**Task to carry out**
The answer must be only the lines below from the one holding "- Black aluminum" down to the one holding "Lionel Scaloni dio", ends included, printed exactly; please omit all pictures.

**Information**

-----

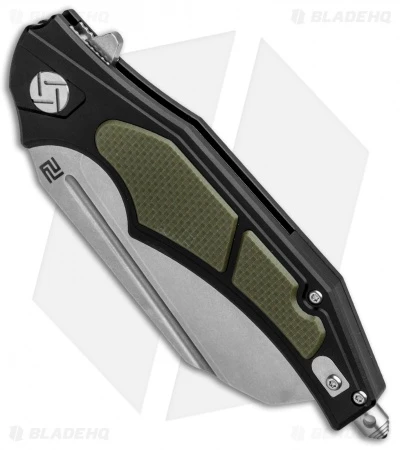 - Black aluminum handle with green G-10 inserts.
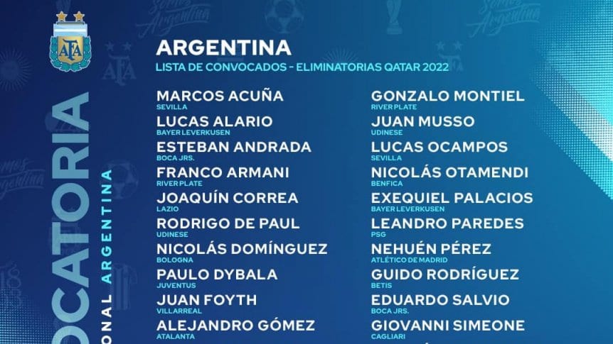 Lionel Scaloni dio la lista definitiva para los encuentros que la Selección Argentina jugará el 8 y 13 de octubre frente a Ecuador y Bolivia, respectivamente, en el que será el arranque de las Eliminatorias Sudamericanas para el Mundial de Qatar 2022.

-----

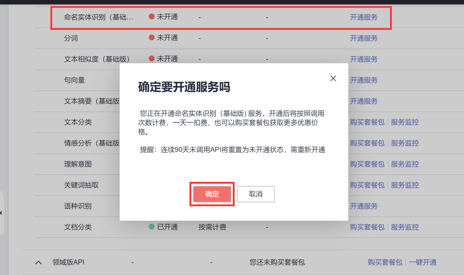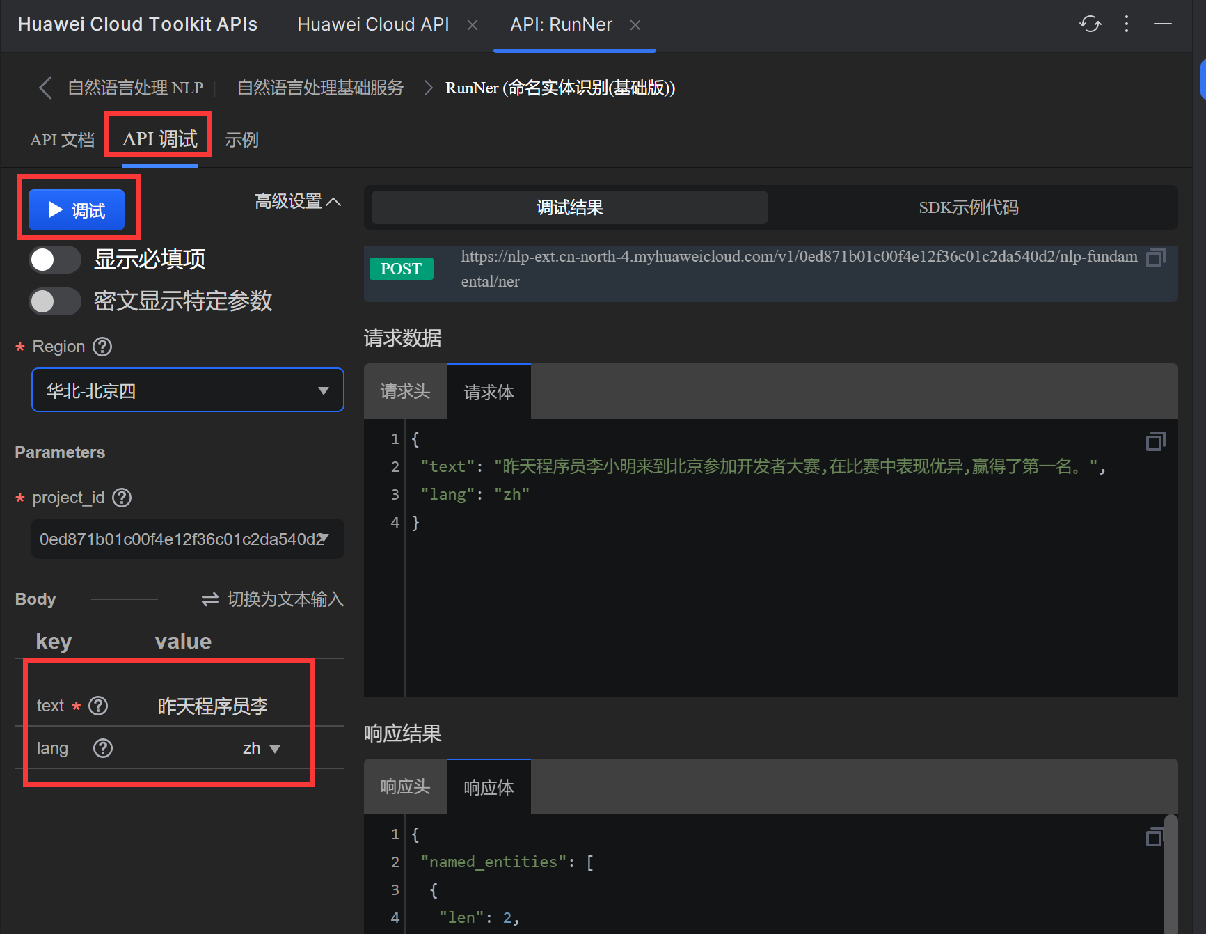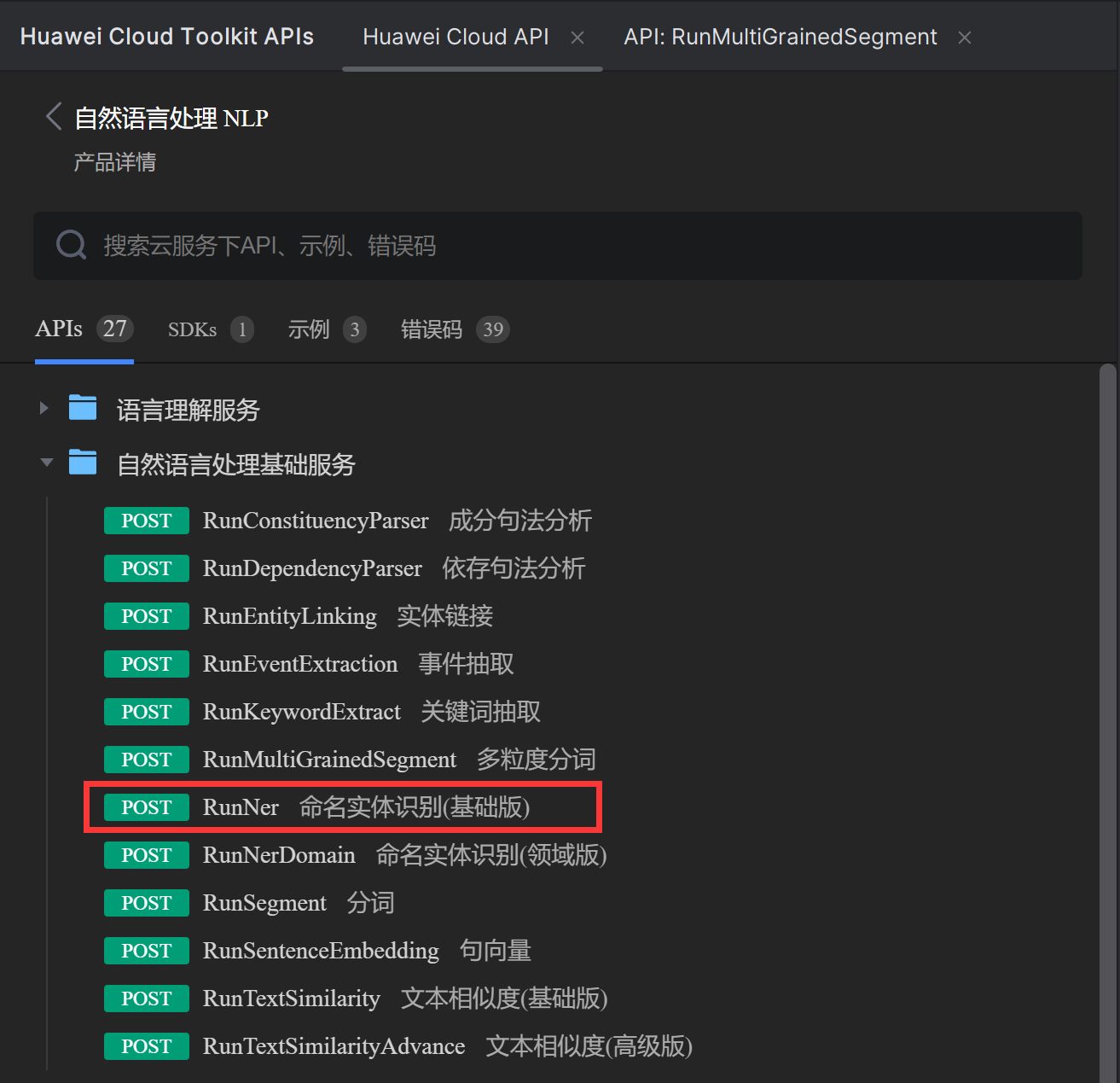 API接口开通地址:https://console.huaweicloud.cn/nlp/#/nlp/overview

-----

**Answer space**
 - Black aluminum handle with green G-10 inserts.
 Lionel Scaloni dio la lista definitiva para los encuentros que la Selección Argentina jugará el 8 y 13 de octubre frente a Ecuador y Bolivia, respectivamente, en el que será el arranque de las Eliminatorias Sudamericanas para el Mundial de Qatar 2022.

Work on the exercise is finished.